Istanbul health authorities said 20 people had been killed and 257 wounded in the two attacks, which hit the central Neve Shalom synagogue and another, Beit Israel, in the Sisli district around 9:30 a.m. (0730 GMT). The Neve Shalom -- "Oasis of Peace" -- was especially busy for a bar-mitzvah coming of age ceremony.

But many of the casualties were not Jews but people passing by on the busy streets outside the heavily protected synagogues.

Police officers earlier said as many as 24 had died. The Anatolian news agency said one policeman was among the dead.

RESPONSIBILITY CLAIM

A radical Turkish Islamist group, widely believed to be backed by Iran, claimed responsibility, but Aksu said he doubted a local group could mount such a large-scale operation.

"It is difficult for any Turkey-based organization to carry out an attack of this magnitude," he said at the scene.

Injured people covered in blood were carried on stretchers from around the Neve Shalom synagogue, target of a 1986 attack by Palestinians which killed 22 people. Six years later it was hit again, this time by a Turkish group. A passer-by was hurt.

Predominantly Muslim Turkey is a key NATO ally of the United States and recently offered to send troops to help secure neighboring Iraq, though it later abandoned the plan due to strong opposition from Iraq's U.S.-appointed Governing Council.

Turkey, which has a long history of homegrown political violence, also has warm relations with Israel. The Jewish state swiftly condemned the "criminal terror attacks" in Istanbul.

A senior Israeli security source told Reuters the blasts seemed to be the work of an al Qaeda affiliate, possibly seeking to target both arch-foe Israel and moderate Muslim Turkey.

Turkish Islamist group IBDA/C -- the Islamic Great Eastern Raiders/Front -- claimed responsibility in a call to Turkey's semi-official Anatolian news agency.

Jewish sites have been targeted in recent attacks blamed on militants linked to al Qaeda -- notably in Casablanca in May, a Tunisian synagogue bombed in April 2002 and Israeli tourists in the Kenyan seaside city of Mombasa last November.

Turkish President Ahmet Necdet Sezer issued a statement condemning the bomb blasts as did numerous world governments.

JEWS IN TURKEY FOR 500 YEARS

Istanbul, as the capital of the Ottoman empire, has a long history of Jewish presence, notably bolstered after Spain expelled Jews in 1492. About 30,000 live there now, some of whom still speak a medieval form of Spanish known as Ladino.

"If they are trying to scare the Jewish community here, they will fail. We have been here for 500 years and we will stay. Terror will not win," Roberto Abudara, who had been in the Sisli synagogue when the attackers struck, told Reuters.

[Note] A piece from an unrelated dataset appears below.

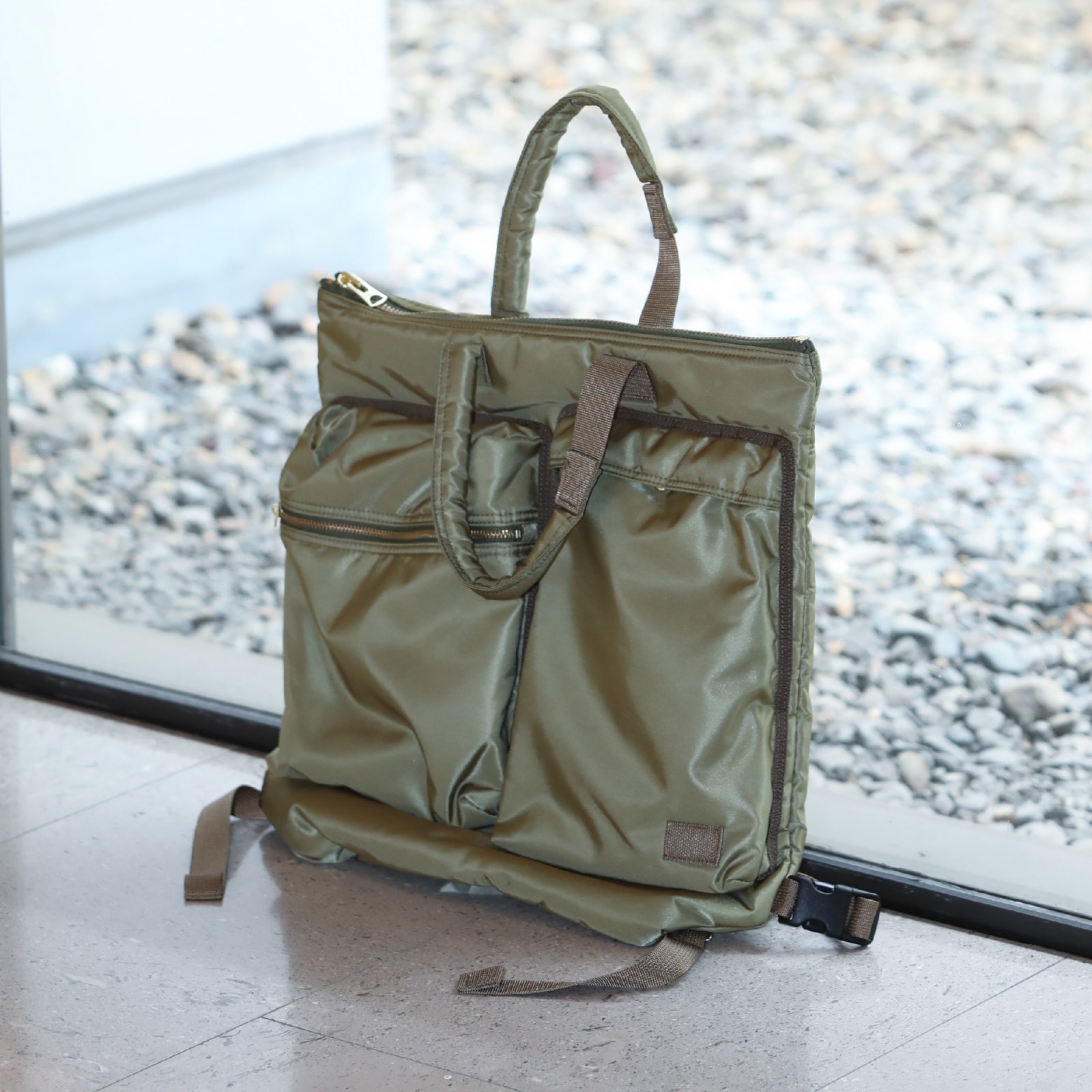 他とひと味違うトートを選ぶならヘルメットバッグがお薦め。ナイロン素材で収納力や機能性に優れ、使い勝手も抜群だ。こちらはポーターの定番をサカイが再構築。立体感あるポケットを配し、色もくすんだカーキに。大きめサイズもうれしい。H45×W40×D2㎝。

Edi Baruh, a 30-year-old Turkish Jew said his father-in-law, who was at the Neve Shalom synagogue when the bomb exploded, had told him up to 300 people were there, 10 times more than usual, because it was a bar-mitzvah, a coming of age for a boy.

Gul said the attacks would not affect government policy.

"We will continue our struggle with strong determination against terror," he said.

Roland Jacquard, head of the International Terrorism Observatory in Paris, said the likeliest suspect was the militant group Ansar al-Islam, which the Pentagon has called the principal "terrorist adversary" of U.S. forces in Iraq.

Jacquard said claims of responsibility should be treated cautiously, but that IBDA/C was very close to Ansar, long based in Iraq's Kurdish areas traditionally hostile to Turkey.

Mustafa Alani of the Royal United Services Institute in London said any connection with al Qaeda was more likely to be ideological than organizational.

"There is no history of al Qaeda operating in Turkey. It's very hard to say al Qaeda is involved in this attack. I think the activities of al Qaeda now are concentrated on two states -- Saudi Arabia and Iraq," he said by telephone.